On January 14, 2019, the Health and Human Services Office of Inspector General (OIG) published the favorable Advisory Opinion 19-01 allowing a charitable pediatric clinic (“Clinic”) to routinely waive cost-sharing amounts for patients in financial need (“Arrangement”). OIG noted that the Arrangement did not meet the regulatory exception for permitted waivers of cost sharing amounts under the Civil Monetary Penalties Law (CMP), but ultimately decided not to impose administrative sanctions in connection with the Arrangement.
The Clinic provides medical, psychiatric and dental care to children in an area designated a Health Professional Shortage Area for Primary Care, Dental Care, and Mental Health, and is located just a few blocks away from a designated Medically Underserved Area. Most of the Clinic’s patients are low-income and covered by state insurance programs having no cost-sharing obligation. Under the Arrangement, the Clinic waives Federal health care program cost-sharing amounts for the percentage of TRICARE and Medicare beneficiaries not covered by a state insurance program.
The CMP regulations carve out certain permitted cost-sharing waivers from the definition of “remuneration” under the CMP. To fall within the exception, the waivers must be offered to patients in financial need, not offered through any advertisement or solicitation, not offered routinely, and made following an individual determination of financial need. On review, OIG determined the Arrangement did not meet the exception, because the Clinic routinely provides waivers, and does not individually verify financial need for such patients. According to the OIG, “We consider [Clinic’s] waiver of cost-sharing amounts under the Arrangement to be routine because it waives cost-sharing amounts for 100 percent of its patients to whom they apply. The fact that [Clinic] waives Federal health care program cost-sharing obligations for a very few patients in the aggregate does not make the waivers any less routine.”

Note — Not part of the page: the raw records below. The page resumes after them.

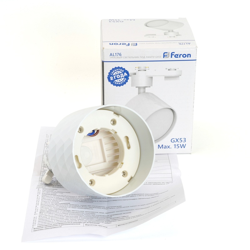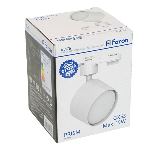 Характеристики Светильник Feron AL176 трековый однофазный на шинопровод под лампу GX53, белый
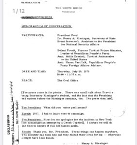 O gün Amerikan Başkanı Gerald Ford Beyaz Saray’ın Oval ofisinde Cumhuriyet Halk Partisi Genel Başkanı ve eski Başbakan Bülent Ecevit’i kabul ediyordu. Amerikan Başkanı Ford’a Dışişleri Bakanı Henry Kissinger ve Ulusal Güvenlik Danışmanı eşlik ediyordu. O tarihte Ecevit Başbakan değildi. Başbakan Süleyman Demirel’di.
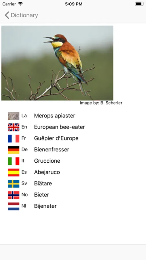 Touch a bird to go to a screen displaying a picture and its name in all the available languages.
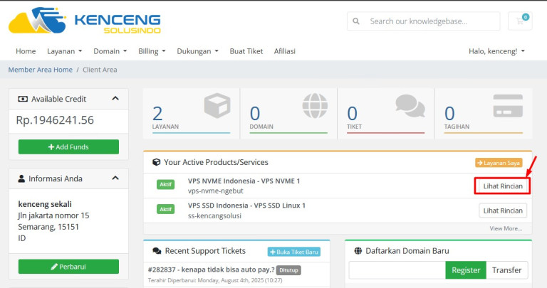 di Member Area Kenceng Solusindo - Setelah itu masuk ke dashboard member area Kenceng Solusindo, daftar layanan yang aktif langsung tertampil di halaman utama member area. Klik LIhat Rincian pada salah satu layanan VPS
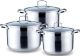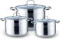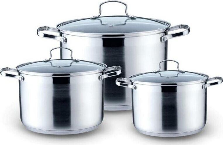 Набор из 6 предметов; Кастрюля с жаропрочной стеклянной крышкой 5л; Кастрюля с жаропрочной стеклянной крышкой 6,6л; Кастрюля с жаропрочной стеклянной крышкой 8л; Диаметр изделий составляет: 22 см, 24 см, 26 см; Высококачественная нержавеющая сталь 18/10; 5-ти слойное капсульное дно; Мерная шкала внутри; Подходит для всех видов плит, включая индукционные; Можно мыть в посудомоечной машине.
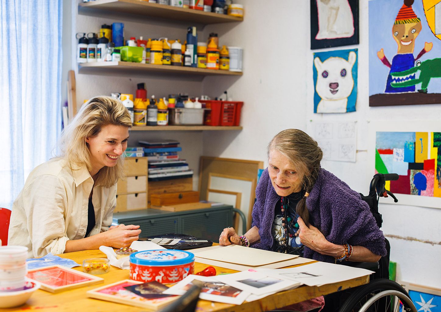 Friederike Rass im Malatelier des Sune-Egge. Mit Künstlerin Pascale spricht sie über Treffpunkte für Obdachlose, Dialekte und ihr eigenes, eher bescheidenes Zeichentalent.
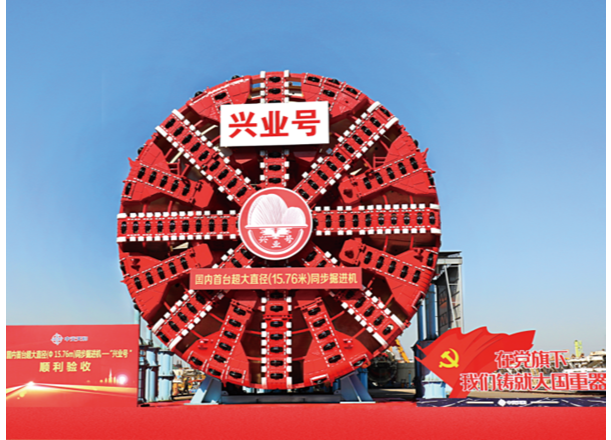 珠海興業(yè)快線隧道工程是未來連通港珠澳大橋和深中通道,把珠海市打造成為“粵港澳交通樞紐”的重要工程。盾構(gòu)隧道長度僅1740米,但地質(zhì)情況極為復(fù)雜,其中:硬巖段占比超過70%,被稱“地質(zhì)博物館”,且為首個國內(nèi)直徑最大雙層疊落盾構(gòu)工程,雙層疊落長約604米,盾構(gòu)法施工面臨不少世界級難題。為順利完成這項重大工程,中交天和立足自主研發(fā),著眼科技創(chuàng)新,為適應(yīng)在硬巖地質(zhì)中提高掘進速度,實現(xiàn)隧道掘進和管片拼裝同步施工,成功研制中國首臺超大直徑同步掘進機“興業(yè)號”。該掘進機國產(chǎn)化率達98%以上、刀盤直徑15.76米,全長超130米,攻克了許多難以想象的世界級難題。
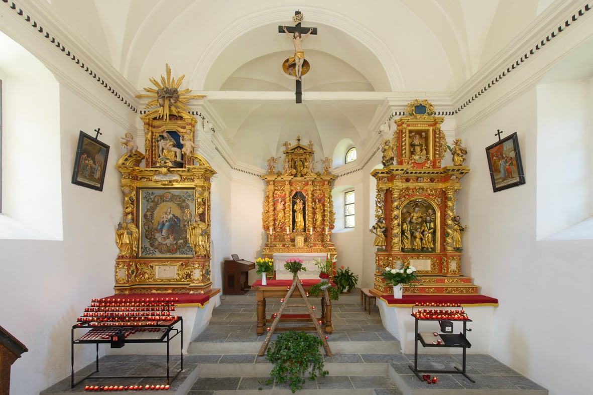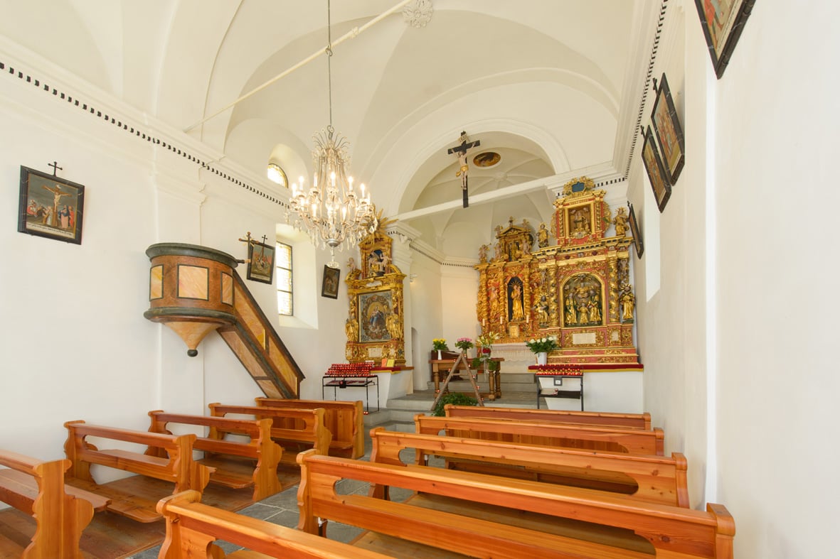Das Innere der Kapelle ist einfach und ganz in weiss gehalten. Die schön vergoldeten qualitätsvollen Barockaltläre stechen von den weissen Mauerflächen stark hervor.
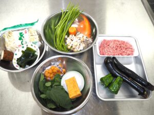 信州の郷土食を伝えていきます。具材は夏野菜(茄子・かぼちゃ)

Nevertheless, OIG determined there was low risk of fraud and abuse in the Arrangement, citing facts including: the Clinic does not provide the cost-sharing waivers through advertisement or solicitation, provider compensation is not based on the volume or value of referrals, the delivery of services is not tied to other Federally-reimbursed services, and the Clinic does not shift the waived cost-sharing amounts to other payors. In addition, OIG acknowledges that the lack of alternative providers in the area likely brings patients to the Clinic, rather than the cost-sharing waiver.
As the OIG has emphasized, Advisory Opinions are issued only to the requestors of the opinion, and have no application to, and cannot be relied upon by, any individual or entity, nor may they be introduced into evidence by anyone other than the requestors to prove the individual or entity did not violate the anti-kickback statute, or any other law.